1941 review of US radio networks

The Report on Chain Broadcasting was issued by the U.S. Federal Communications Commission (FCC) on May 2, 1941. It made recommendations for regulatory changes, to address perceived inequities between radio networks and affiliated stations. A supplemental report, with minor changes, was issued October 11. The proposed FCC actions were challenged in court as being beyond the scope of the agency's powers, ultimately reaching the U.S. Supreme Court, which in 1943 ruled in favor of the FCC.

The most notable result of the report's recommendations was the requirement that the National Broadcasting Company (NBC) divest one of its two national networks, which resulted in the formation of the American Broadcasting Company (ABC).

==Context==

In the early 1940s, broadcast entertainment in the United States was almost exclusively provided by AM radio stations, as there were only a very small number of active FM radio and TV stations. The "chain" reference in the report's title was an early term used for stations connected for simultaneous programming, which by the time of publication had largely been superseded by "network". At time of publication there were four national radio networks, with two operated by the National Broadcasting Company (NBC), and one each by the Columbia Broadcasting System (CBS) and the Mutual Broadcasting System (MBS).

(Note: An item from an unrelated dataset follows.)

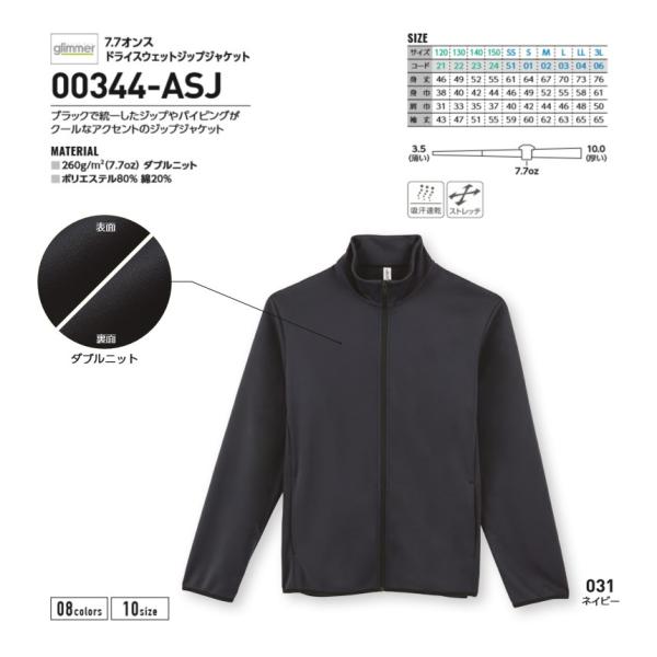 メンズ 長袖 glimmer グリマー 7.7オンス ドライ スウェット ジップジャケット 無地 スエット 上 スポーツ アウトドア ユニフォーム 吸汗 速乾 00344-ASJ 通販A3

The policy recommendations were designed to restrict radio network practices that the FCC considered to be unfair. Under the provisions of the Communications Act of 1934, the FCC was not given any direct authority to regulate networks. However, it was able to establish indirect control, by refusing to license stations bound by network agreements that the FCC considered to be unfair.

==Content==
The 153-page report was the result of a study initiated on March 18, 1938 by FCC Order No. 37. Both the original report, and the October 11 supplement, were approved by five of the seven FCC commissioners, with T. A .M. Craven and Norman S. Case dissenting.

The original report concluded that eight regulations were needed:

- 3.101: Station affiliates are not prevented from broadcasting programs of other networks.
- 3.102: Alternate stations serving the same area are allowed to broadcast network programs not taken by the standard affiliate, or when serving a substantially different area.
- 3.103: Network affiliation agreements are limited to one year.
- 3.104: Stations are not prohibited from scheduling their own programs.
- 3.105: Networks prohibited from (a) disallowing station rejections of network programs which the station reasonably believes to be unsatisfactory or unsuitable; or which (b) in its opinion, is contrary to the public interest, or from substituting a program of outstanding local or national importance.
- 3.106: No more than one station licensed to a network organization, or to any person directly or indirectly controlled by or under common control with a network organization, where the stations serve substantially the same area. Also, no stations at all in areas where there is limited service.
- 3.107: No station could be affiliated with an organization that operated more than one network simultaneously within an overlapping territory.
- 3.108: Stations are not prevented from setting their own rates for broadcast time for other than the network's programs.

In an October 11 supplement, the following modifications were made:

- 3.102: Networks could designate which alternate stations had "first call" rights to declined programs.
- 3.103: Network affiliation agreements could be for up to two years.
- 3.104: Clarified broadcasting dayparts.

==Effect==

In National Broadcasting Co. v. United States (1943), the Supreme Court, by a 5-2 vote, held that the regulatory changes proposed by the FCC were consistent with the agency's responsibilities under the Communications Act to regulate broadcasting in the public interest, convenience, and necessity.

NBC had operated two national networks: the Red Network and the Blue Network. To conform with the requirement that it could only operate a single network, the Blue Network was sold to a group headed by Edward J. Noble, and reorganized as the American Broadcasting Company.

In December 1941, the U.S. Justice Department filed an indictment against both NBC and CBS under the Sherman Antitrust Act with allegations that closely paralleled the findings of the report, but the Justice Department withdrew the indictment after concluding that it was effectively mooted by the Supreme Court's decision to require NBC to divest of the Blue Network.